Соколко куда-то нёс её стремительными шагами – Берёзка лишь сжимала бледные веки с мокрыми ресницами, когда на них с похоронной тяжестью падали капли. Прилюдным обнажением показался ей подъём на деревянный помост к воеводе, который жаждал увидеть ту, чья сила обратила врага в бегство – впрочем, как и все опалённые огнём боя люди, собравшиеся вокруг. Ей хотелось спрятаться в нору, уйти семенем под землю, а по весне улыбнуться солнцу ромашковыми всходами, но её тормошили, прославляли, благодарили. Вместо замораживающего боль покоя – сотни шальных, горьковато-просветлённых глаз и мокрых лиц, среди которых туманный взор Берёзки выхватил одно – лицо отца, потерявшего своего сына. Вымокшие волосы прилипли ко лбу Стояна, кончик носа и брови набрякли каплями, а застывший, высветленный скорбью взгляд устремился на неё. Не высказать, не вышептать было ему эту страшную весть, и Берёзка проронила:
– Я всё знаю, батюшка.
Её ноги коснулись досок помоста, служившего время от времени для наказания плетьми провинившихся жителей.

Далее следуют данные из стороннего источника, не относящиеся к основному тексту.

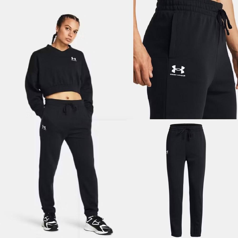 UNDER ARMOURUA 女 運動棉長褲 棉褲 毛巾底 四季可穿 布料柔軟 褲頭有綁帶 可調節鬆緊 黑 1382735001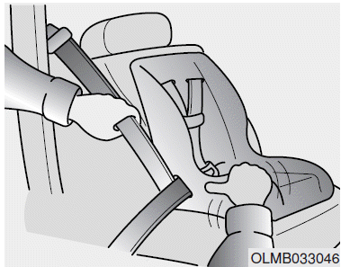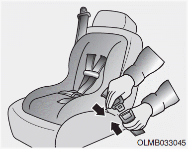 4. Нажмите и потяните детскую удерживающую систему, чтобы убедиться, что ремень безопасности удерживает его на месте.

Под одну руку её поддерживал Соколко, а под другую – воевода.
– Супруг твой пал смертью храбрых, дитя моё, – молвил Владорх, и его низкий, прохладно-суровый голос бархатно смягчила сдержанная печаль. – А сама ты явила спасительное чудо, от коего мы все опомниться не можем. Великая кудесница ты! Даже не знал, что у нас в городе такая есть. Но вижу кровь на тебе... Ты ранена?
– Я цела, господин. – Слова сухо царапали стеснённое горло, но Берёзка подчинила себе и надломленный голос, и одеревеневшие губы. – Дитя я потеряла. Исторглось оно из моей утробы прежде положенного срока.

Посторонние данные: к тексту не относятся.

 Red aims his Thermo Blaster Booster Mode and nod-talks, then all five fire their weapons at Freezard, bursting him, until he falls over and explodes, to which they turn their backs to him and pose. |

Владорх опустил светло-русую голову, не найдя средства лучше, чем сочувственное молчание.
– Соболезную твоему горю, – проговорил он наконец. – Ступай-ка ты домой. Отлежаться тебе надобно, отдохнуть. Сама понимаешь, помощь твоя нам может ещё потребоваться: кто знает, как скоро враги очухаются? Может статься, что они снова на нас полезут или дороги перекроют, чтоб город от снабжения отрезать. Мало ли... – Шершавые пальцы приподняли лицо Берёзки за подбородок, а в ясных и суровых, как синий вешний лёд, глазах воеводы замерцала тёплая искорка беспокойства. – Не вздумай только помирать, поняла? Мы без тебя пропадём.
Обмётанные суховатой травяной горечью губы Берёзки сложились в неожиданную для неё самой улыбку – бледную, как больной лучик осеннего солнца.
– Не помру, господин.
Морщинки ответной улыбки прорезались в уголках глаз Владорха, глубоко посаженных под мокрыми пшеничными кустиками густых бровей.

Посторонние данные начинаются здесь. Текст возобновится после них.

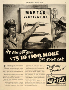 This is an original 1937 black and white print ad for Marfak Lubrication from Texaco.

– Ну, так-то лучше, – сказал он. – Ступай, подлечись. Я за тобой опосля колымагу вышлю. Пользу великую ты нынче нам принесла и можешь ещё сделать немало.
«Славный, смелый, удалой», – думалось Берёзке по дороге домой сквозь пелену усталости и боли. Затронул воевода своим мужественным голосом и взглядом соколиным живительные женские струнки в ней, но не игралось ей нынче на гуслях души, не пелось: погибли все её песни в сегодняшнем бою за город, утекли в землю вместе с растаявшим телом Первуши.